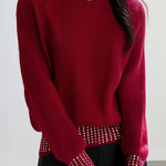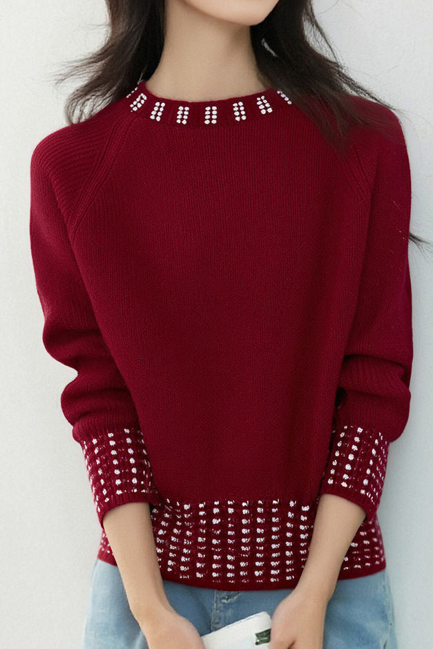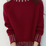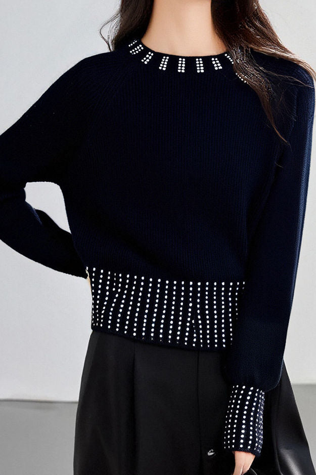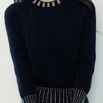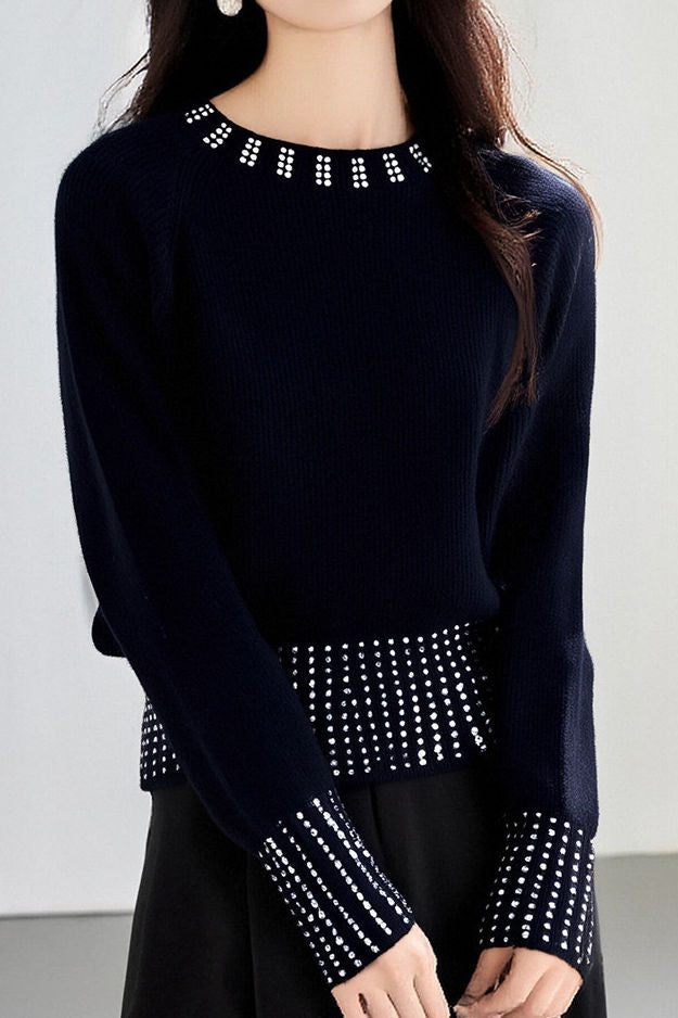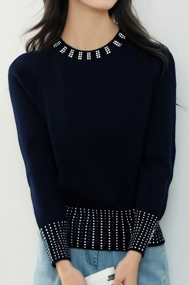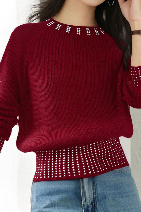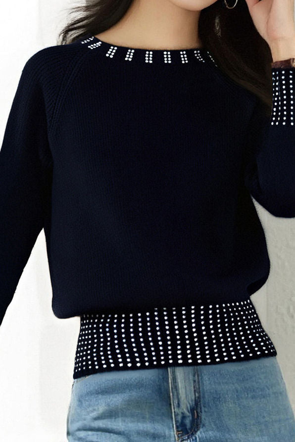 Casual Versatile Rhinestone-Embellished Knitted Top
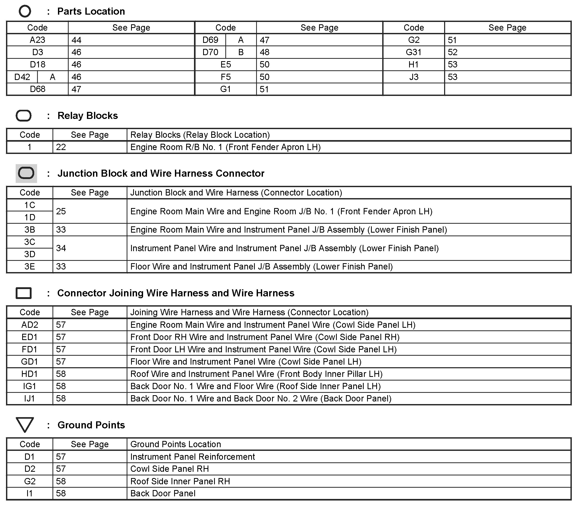 Locations: The locations of components, connectors, ground points, and splices referred to within these diagrams can be found at Vehicle Locations. Locations
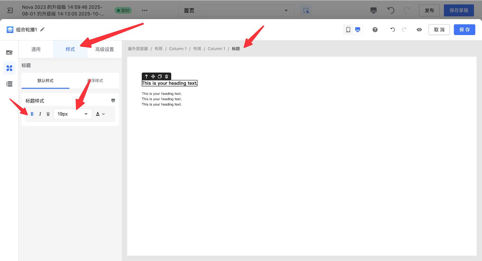 5. 点击标题层级 - 样式,编辑您的标题内容,您可以将一级菜单加粗,调大字体和二级菜单区分开。
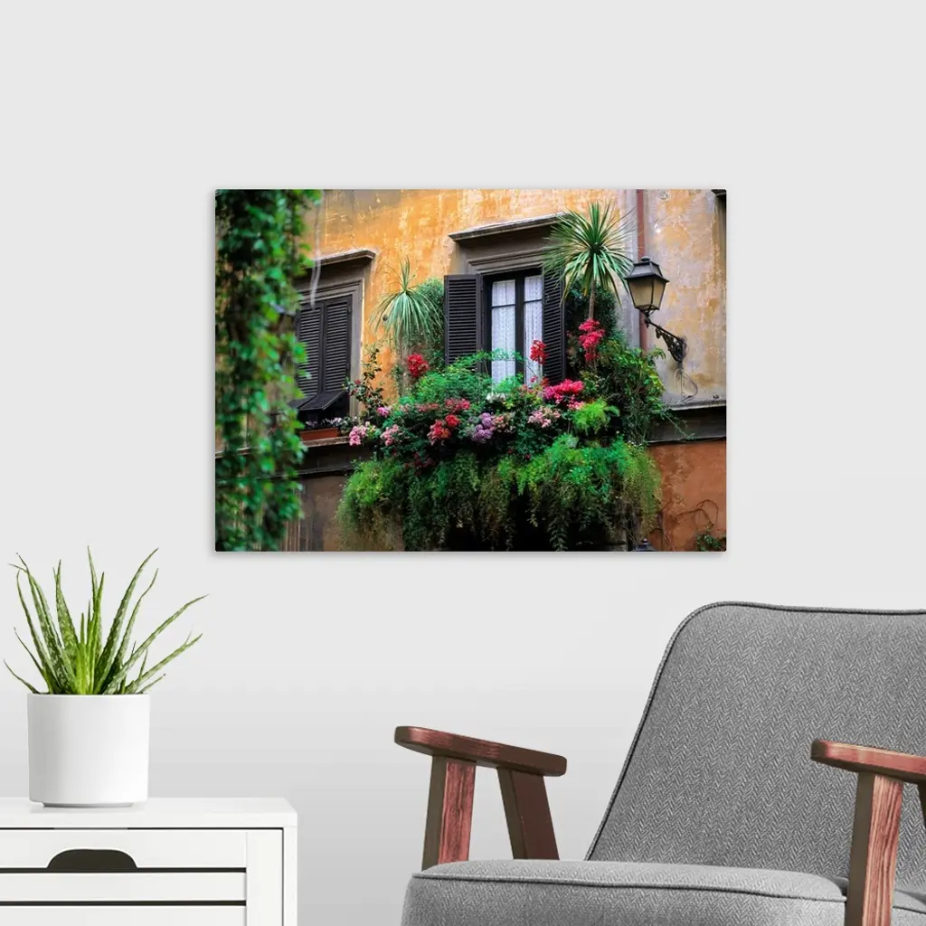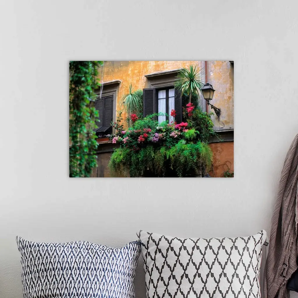 Italy, Rome, Historical Center, typical window with flowers wall art for home and office decor. Discover canvas art prints, photos, mural, big canvas art and framed wall art in GreatBigCanvas.com's varied collections.

-------

ASSIGNMENT
Retype the line containing "Locations: The locations" and all lines after it through the end of the material, exactly and only those, leaving out pictures.

SOLUTION TO THIS PROBLEM
 Locations: The locations of components, connectors, ground points, and splices referred to within these diagrams can be found at Vehicle Locations. Locations
 5. 点击标题层级 - 样式,编辑您的标题内容,您可以将一级菜单加粗,调大字体和二级菜单区分开。
 Italy, Rome, Historical Center, typical window with flowers wall art for home and office decor. Discover canvas art prints, photos, mural, big canvas art and framed wall art in GreatBigCanvas.com's varied collections.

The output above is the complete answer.